New facial analysis software is capable of recognizing emotional states, identifying struggling students
By End the Lie
A study recently published by researchers from North Carolina State University (NCSU) reveals that video cameras outfitted with facial analysis software can recognize the emotions of students and identify struggling students.
In this case, the researchers used video cameras to monitor the faces of college students who were being tutored via computer.
Software capable of matching facial expression with various levels of engagement or frustration allowed researchers to recognize when students were either not being challenged by the work or were finding it too difficult.
Similar software has made some quite amazing leaps in recent years, even demonstrating the ability to spot liars better than human experts.
This particular piece of software may be used in order to help teachers track the performance of students in real time or in online classrooms.
The advances “could even help massively open online courses (or MOOCs), which can involve many thousands of students working remotely, to be more attuned to students’ needs,” according to MIT Technology Review.
Will Knight, writing for the Technology Review, states that this could be part of a broader revolution in computing called “affective computing,” wherein various devices are capable of identifying and responding to emotion.

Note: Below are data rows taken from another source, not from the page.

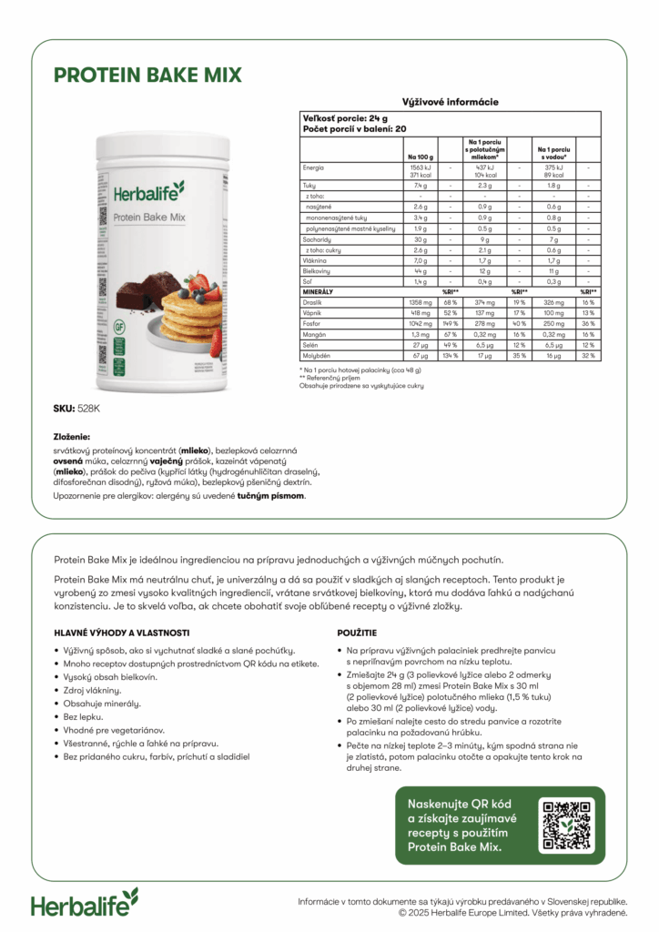 Herbalife Protein Bake Mix je starostlivo vytvorený tak, aby poskytoval vyvážený profil živín, takže vaše pečené dobroty nielen skvele chutia, ale aj vyživujú vaše telo. S prvotriednym srvátkovým proteínom obsahuje tiež dôležité minerály a je zdrojom vlákniny.
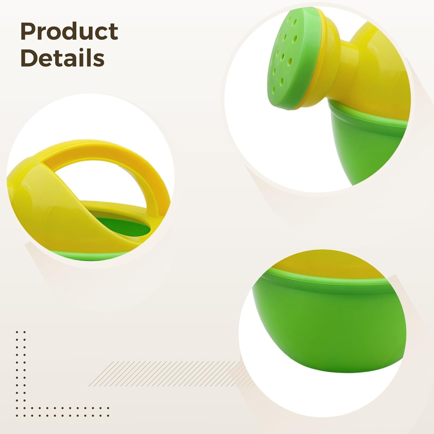 Piacevole tempo per il bagno: gli annaffiatoi dai colori vivaci aggiungono divertimento al momento del bagno; intrattengono e coinvolgono i più piccoli mentre fanno il bagno Tempo di gioco all'aperto: utilizzare in spiaggia o sabbiera per giochi fantasiosi; sviluppa le capacità motorie e il pensiero creativo Colori accattivanti: quattro colori vivaci, rosa, blu, giallo e verde; attirano l'attenzione dei bambini; incoraggiano l'esplorazione sensoriale Manico facile da impugnare: manico robusto progettato per mani piccole; leggero per una presa comoda e versata Costruzione durevole: realizzata in plastica resistente per un gioco di lunga durata; spray delicato dall'ugello sicuro per i più piccoli
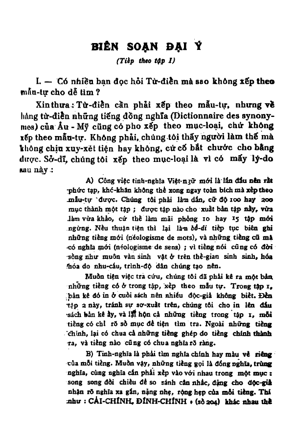 Soạn giả nói: “Muốn có một nền học thuật hoàn mỹ thuần túy Việt Nam, xứng đáng một dân tộc độc lập, quốc văn cần phải như những tiếng của các nước Âu Mỹ, phân minh, rành rọt: tiếng nào nghĩa ấy, mỗi tiếng có một nghĩa riêng, không có tiếng nào thực đồng nghĩa.

In case, the NCSU researchers recorded students as they learned to write Java code using the “JavaTutor” software.
Some 60 hours of video footage was analyzed using the Computer Expression Recognition Toolbox, a computer program that recognizes facial expressions.
The researchers then compared the software’s analysis with the students’ own reports of their state of mind and discovered that they were a close match.
Ultimately, they want to develop a tutoring system to assist students having difficulty with their studies and “bolster their confidence and keep them motivated,” said Joseph Grafsgaard, PhD student at NCSU who coauthored the paper, which will be presented at the Sixth International Conference on Educational Data Mining.
Knight points out that others are exploring potential applications for affective computing in the field of education.
One such individual is Jacob Whitehall, a software engineer and research scientist with Emotient.
Emotient is a startup which is focusing on commercial uses of affective computing in everything from market research to the triggering of “appropriate and meaningful responses from our digital world.”
Whitehall recently coauthored a paper, which has yet to be published, demonstrating that computer-identified facial expressions could actually predict test performance.
“There is an emerging agreement that facial-expression recognition can play a constructive role in teaching,” Whitehall said.
Yet at the same time, teachers’ performance can actually be hindered if they don’t know how or when to respond to feedback about the emotional state of a student.
“It’s a hard problem to know how to use these [emotion] sensors effectively,” Whitehall said.
Still, Whitehall contends that the technology could be quite useful for the increasingly popular online learning platforms out there.
“Udacity and Coursera have on the order of a million students, and I imagine some fraction of them could be persuaded to turn their webcams on,” Whitehall said. “I think you would learn a lot about what parts of a lecture are working and what parts are not, and where students are getting confused.”
It is interesting to note that this kind of technology is also being applied to areas not quite as admirable as helping student engagement and success, such as so-called “threat assessments.”
Hopefully these advances will indeed be used to create more successful learning environments instead of being leveraged for market research and threat assessment.